In this glorious season, I suggest you give the gift of a fine writing instrument. No imaginative conservative will be disappointed in receiving a new pen, which he can use to conserve the permanent things.

As I reflected on our annual assignment of suggesting gifts for our imaginative conservative brothers and sisters, I struggled with ideas until Thanksgiving morning came. As I gave thanks for so many people in my life, my mind wondered over the material gifts I had been given over the years. There are many great books on my shelves that found their way to their dusty home through the hands of friends and students. There are other trinkets, too, resting near those books, brought back from exotic locations I will never visit. But the gifts that came back to my mind most powerfully were instruments of work and whimsy.

Though I go through periods of preferring the pencil and have been given some great ones over the years from friends like Jim Harrigan, I am currently in a pen phase and so will focus this year on the ancient pen, which, we are told, is mightier than the sword (though a sword is always a great gift for an imaginative conservative!)

I treasure the pens I have been given by friends over the years. There are the two fountain pens and one beautiful tiger eye gel pen given years ago by the great scholar of John C. Calhoun, Lee Cheek. There is the giant fountain pen brought back from India and given to me by my fellow Kentuckian and the man who saved Russell Kirk from drowning, Alan Cornett. Then there is the unpretentious little black fountain pen given me by the Seattle English Professor who edited books on C.S. Lewis and G.K. Chesterton with one just like it. It is on that simple pen that writes in a thick, generous line that I want to focus for just a moment.

Andrew Tadie is the most generous man I have ever met. He has given me several pens, paper, and even an ink well and dip pen from his own office desk. He curated tea for me to explore my tastes and sent my young son a gorgeous hunting knife that is being carried in the woods today even as I write this. But the moment I will never forget happened a decade or so ago, I guess.

Dr. Tadie was visiting me in Louisville. He conducted a seminar for the McConnell Center that day, and I took him to dinner afterwards. I change out pens regularly and because he was in town, I decided to return to the little black pen he gave me several years before. While at dinner, another companion suddenly pointed to my chest, a concerned look developing on his face. I looked down to see a growing pool soaking through my dress shirt as if I had taken a silent round through the heart. I pulled the leaking pen and tried to laugh it off.

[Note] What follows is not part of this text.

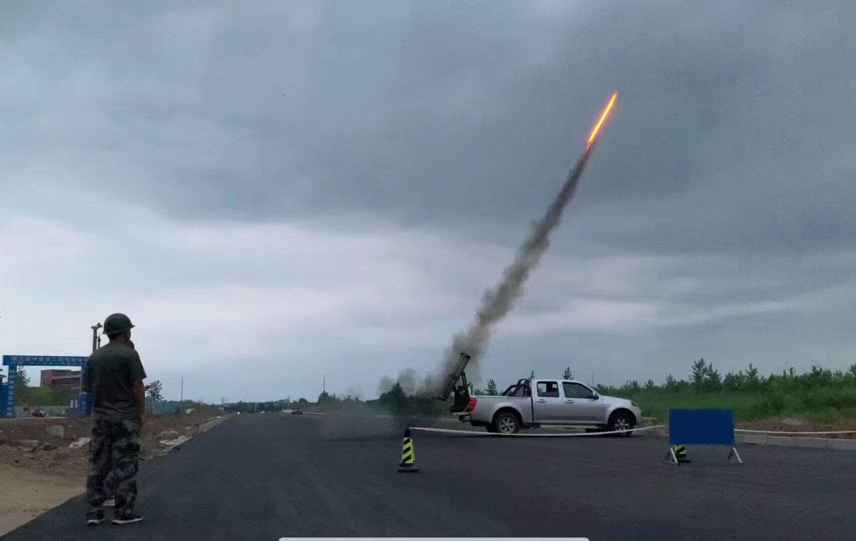27日15点10分,黄冈市人影办在路口镇作业点开展火箭人工增雨作业 气象供图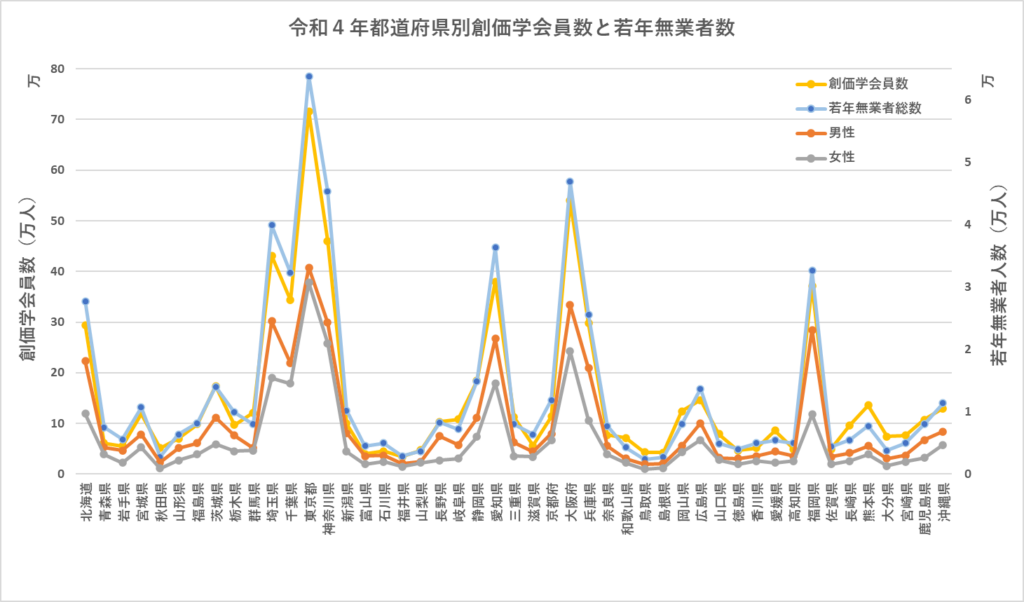 そこで、令和4年の都道府県別創価学会員数と若年無業者数を調べた。

It was only a shirt, I said.

Though he could do nothing for my shirt, Andrew took my leaking pen in his hands for inspection. Taking it apart, he hypothesized that there must be a small crack in the barrel. As he inspected mine, he reached into his own pocket and handed me a twin of my pen and asked me to test it. Andrew writes in a beautiful calligraphic hand and so uses a chisel-type nib. He asked me which nib I preferred. I only write cursive and so I responded that the nib he used was not of much use to me. He then took his pen back, took both pens apart, and gave me the pen he had used for years himself, but with my old nib put into his barrel. He didn’t give me the shirt off his back, but he literally gave me the pen out of his pocket, and it means more to me than about any gift I have ever been given. The pen, not worth a lot in the marketplace, is worth everything to me as a reminder of friendship and generosity. Someday, God willing I don’t lose it, I will pass it along to younger hands with the story of Andrew’s generosity.

Pens make wonderful gifts for the imaginative conservative. There is no better gift than giving a pen that you actually have used. There is something truly beautiful about using an instrument that was once used by someone you care for—and imagining what they might have written with it. But, if you don’t have such a gift to give, let me suggest two fountain pens I have discovered this year—one very inexpensive but of good quality and one that I have fallen in love with.

If you are looking for an inexpensive but solid stocking stuffer that writes well and is well constructed, let me suggest the Pilot Metropolitan. I really don’t think you can buy a better pen for under $15. I just sent one as a gift to a former student studying in Laos, and I hope it is serving him well over there. If you are ready to spend more, I have fallen in love with the Pilot Vanishing Point. This pen has an 18 karat gold fine nib and feels substantial in your hand, weighing in at 5.8 ounces. Best of all? This is a retractable fountain pen! With this beauty there is no capping and uncapping to keep the ink wet and flowing. If your imaginative conservative is like me, he will be in the habit of marking up his books and will have been frustrated in using fountain pens to do so (uncap-cap-uncap-cap…). This Pilot puts the nib always just one click away from the paper! And, how does it write? It may be the best writing pen I have in my collection. I have it in a sophisticated but simple black matte, but it comes in various colors to suit your gift-giving needs.

And so, in this glorious season, I suggest you give the gift of a fine writing instrument—perhaps one you have already mixed a bit of yourself into, but, if not, no imaginative conservative will be disappointed in receiving a new pen! Just remind him that he is to use it to conserve the permanent things in the part of the world in which he lives—including sending thank-you notes to generous gift-givers like you!